Well, if he does mean a Magnetar, then Phil Plait has some good articles on the burst in question - http://blogs.discovermagazine.com/badastronomy/2009/06/18/ok-so-maybe-we-can-be-a-little-frightened/#.UP6UxPI5t8E and http://www.slate.com/blogs/bad_astronomy/2012/12/27/cosmic_blast_magnetar_explosion_rocked_earth_on_december_27_2004.html

 

"... See, the magnetic field is coupled to the crust of the neutron star. The crust is extremely rigid and under vast pressure from the gravity of the star. If the crust cracks — a starquake, if you will — the energy released makes the strongest earthquake ever recorded on our planet look like a friendly pat on the back.
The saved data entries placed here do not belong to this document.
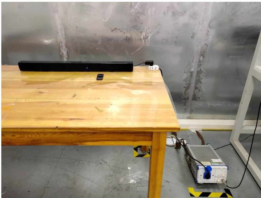
AC Conducted Emission of charge from power adapter mode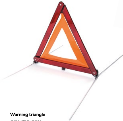
Warning triangle GGA 700 001A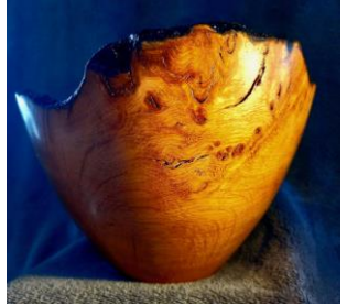
97 Rob Vashak Oak burr vessel English Oak – carnauba wax finish £120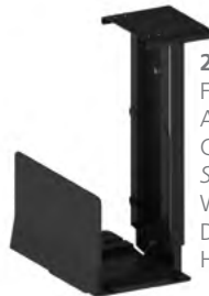
202CPU Fixed Under Desk Adjustable Steel CPU Holder Supports 40 lbs. W: 3-1/8" to 5-1/4" D: 14" H: 9" to 18-3/4"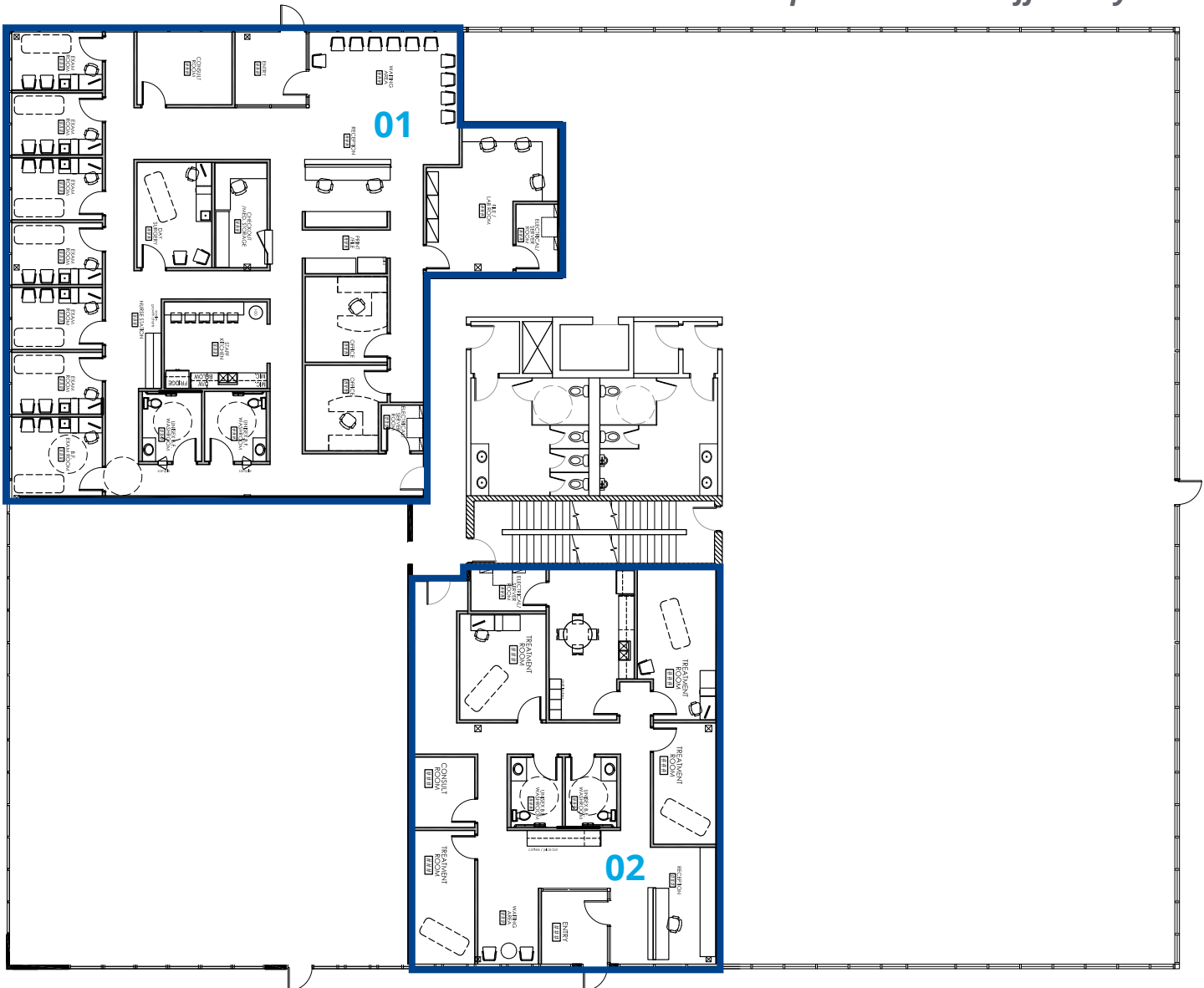
Proposed Medical Office Layout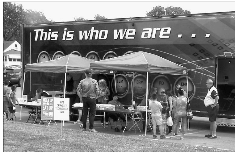
Kids got to enjoy the features of FCA's traveling training academy.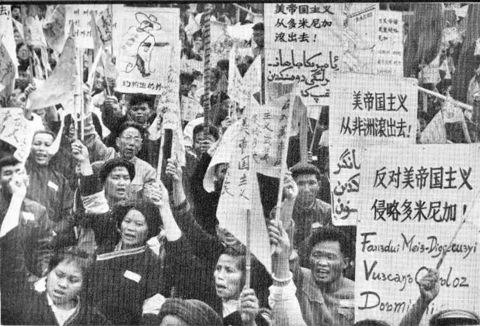
Representatives of minority nationalities visiting Peking shout: "People of the whole world, unite and overthrow U.S. imperialism!"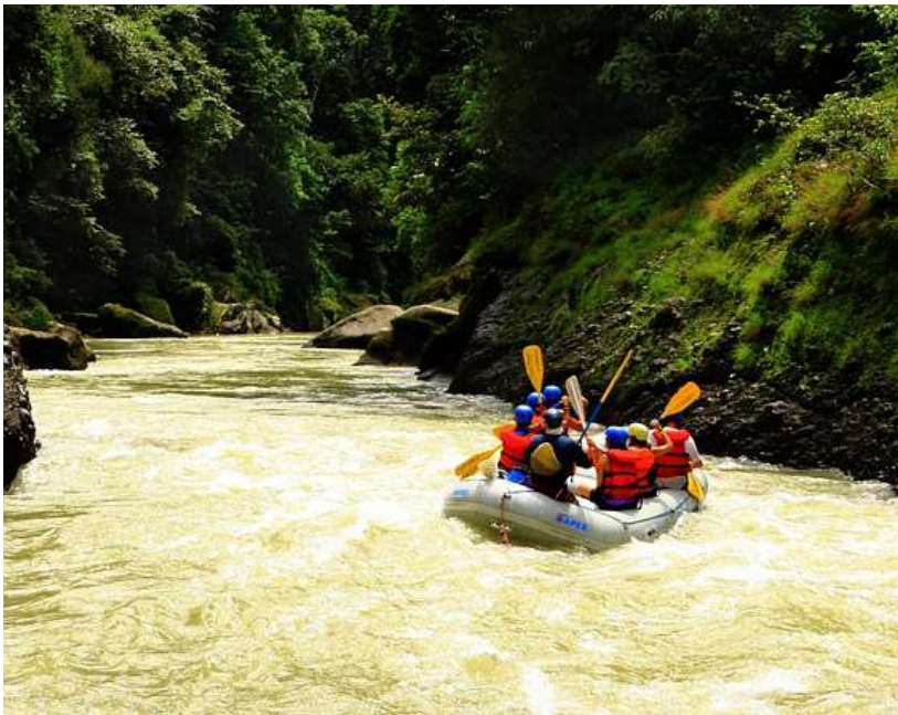
Knowledge 9 Lesson 2

I once calculated the strength of such a starquake, and it would register as magnitude 32 on the Richter scale. This ultraviolent blast shakes the magnetic field of the star, which in turn reacts by slamming around subatomic particles… the bottom line is that such an event can trigger a phenomenal release of X-ray energy from the star. And by "phenomenal" I mean "pants-wetting terrifying".

 

 

In December 2004, the magnetar SGR 1806-20 underwent such a starquake. In one-tenth of a second the subsequent blast released something like 2 times 1046 ergs of energy — equal to about 50 trillion times the Sun’s output during that same period."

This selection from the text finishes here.